PCL: 3.36001 seconds RLE: 0.379737 seconds Kernel: 0.183159 seconds

The very poor performance of PCL on the mug scene is a mystery to me. Perhaps the larger number of NaNs has an effect?

table_scene_lms400.pcd (dense, 460400 pts)

PCL: 0.678805 seconds RLE: N/A Kernel: 0.242546 seconds

## Conclusions

For the simple operations considered here, vertical SSE is a huge win.

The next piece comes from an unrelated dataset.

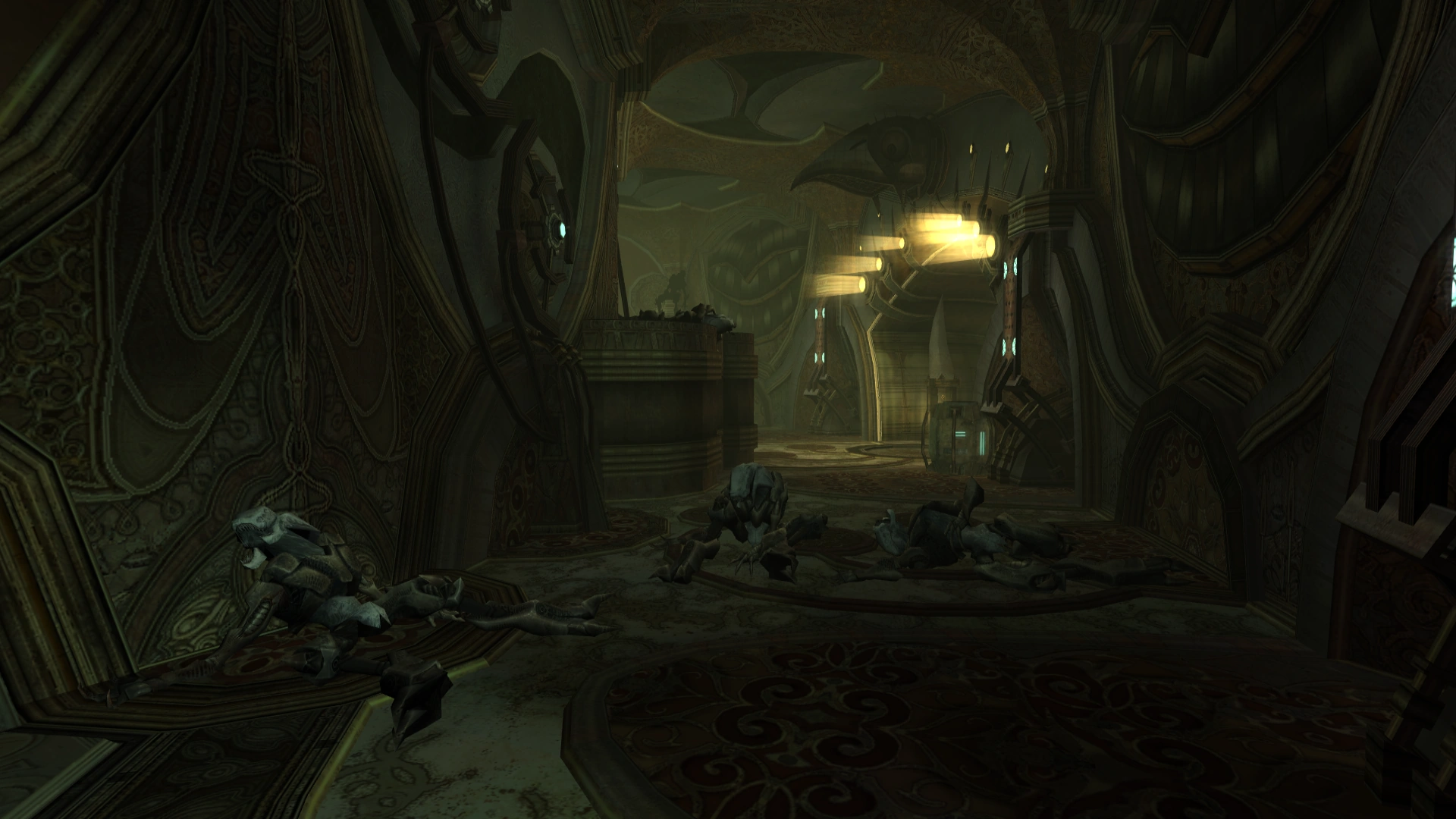 When Samus first enters this room from Zipline Station Delta, a brittle husk leaning against the door, all that remains of a deceased Pirate Trooper, falls apart. Multiple other Space Pirate husks can be found around the room, a hallway with a 90-degree curve. Growths of Phazon can be found near the door leading to Research Pod Lift. A small corridor, with a statue of a Chozo head above it, breaks off at 45 degrees from the main hallway and leads to Save Station C.

In the best case, this suggests that much of PCL could get at least a 3x speedup by switching to the more SSE-friendly memory layout.

Vertical SSE presents some complications in usage and implementation for PCL, but good solutions (RLE, kernel abstraction) are possible.

Looking at instruction sets, vertical SSE is especially advantageous both on older and very new processors. On older processors, because it makes excellent use of SSE2 instructions, whereas horizontal SSE may require horizontal instructions (introduced in SSE3 and later) for good performance. On new processors, because the latest AVX extensions expand SSE register to 256 bits, allowing 8 floating point operations at a time instead of 4. The vertical SSE techniques shown here trivially extend to AVX, and future instruction sets will likely expand SSE registers even further. The upcoming AVX2 extensions add dedicated "gather" instructions, which should improve performance with indices.

## Remaining questions

Are there PCL algorithms that aren't easily implementable in the proposed kernel style?

How to handle nearest neighbor searches? These may be hard to vectorize.